Let $H$ denote the set of functions $f:[0, 1]\to\mathbb R$ that are absolutely continuous, with $f' ∈ L_2 [0, 1]$ and $f(0) = f(1) = 0$. Define an inner product on H by $\langle f, g\rangle = \int_0^1 (f(t)g(t) + f'(t)g'(t))dt$. Of course this implies
$$\lVert f\rVert^2=\lVert f\rVert_2^2+\lVert f'\rVert_2^2$$
I want to show that the evaluation functional, i.e. the map $f\to f(x)$ is bounded for any $x$. The way I see it this basically comes down to saying that if $f$ and $f'$ have small $L_2$ norm, and $f$ is absolutely continuous, then $f$ must have small $L_\infty$ norm. Under normal circumstances information about $\lVert f\rVert_2$ tells you nothing about $\lVert f\rVert_\infty$, but here since $f$ is absolutely continuous it does: if $f(x)>y$, then we must have $f(x)>\frac y2$ on an neighborhood of $x$. Having a bound on $\lVert f'\rVert_2$ means that that neighborhood must be fairly wide since $f'$ can't be "too big". However, when I try to convert these intuitions into a proof, I feel like things get very convoluted very quickly.

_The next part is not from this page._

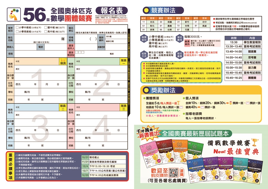 「第 56 屆全國奧林匹克數學團體競賽」跟「2023年臺灣區小學數學奧林匹亞競賽簡章」
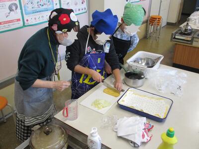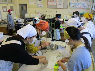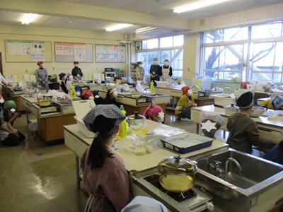 たくさんの地域ボランティアの方々にご支援いただきました。おかげさまで無事に調理実習を終えることができました。ありがとうございました。

For example, I'm not even sure how to convert an upper bound on $\lVert f'\rVert_2$ into a lower bound for how wide that neighborhood must be.
This is Exercise 1.3 in An introduction to the theory of reproducing kernel Hilbert spaces by Paulsen and Raghupathi.
If $\|f_n-f\|\to 0$ then $f_n(x)=\int_0^{x} f_n' (t)dt \to \int_0^{x}f'(t)dt=f(x)$. This is because $$| \int_0^{x} f'_n (t)dt -\int_0^{x}f'(t)dt|$$ $$=|\int_0^{x} [f'_n (t)-f'(t)]dt| \leq \int_0^{x} |f'_n (t)-f'(t)|dt$$ $$ \leq \int_0^{1} |f'_n (t)-f'(t)|dt\leq \|f'_n-f'\|_2$$ by Cauchy-Schwarz inequality and $\|f'_n-f'\|_2 \leq \|f_n-f\|$.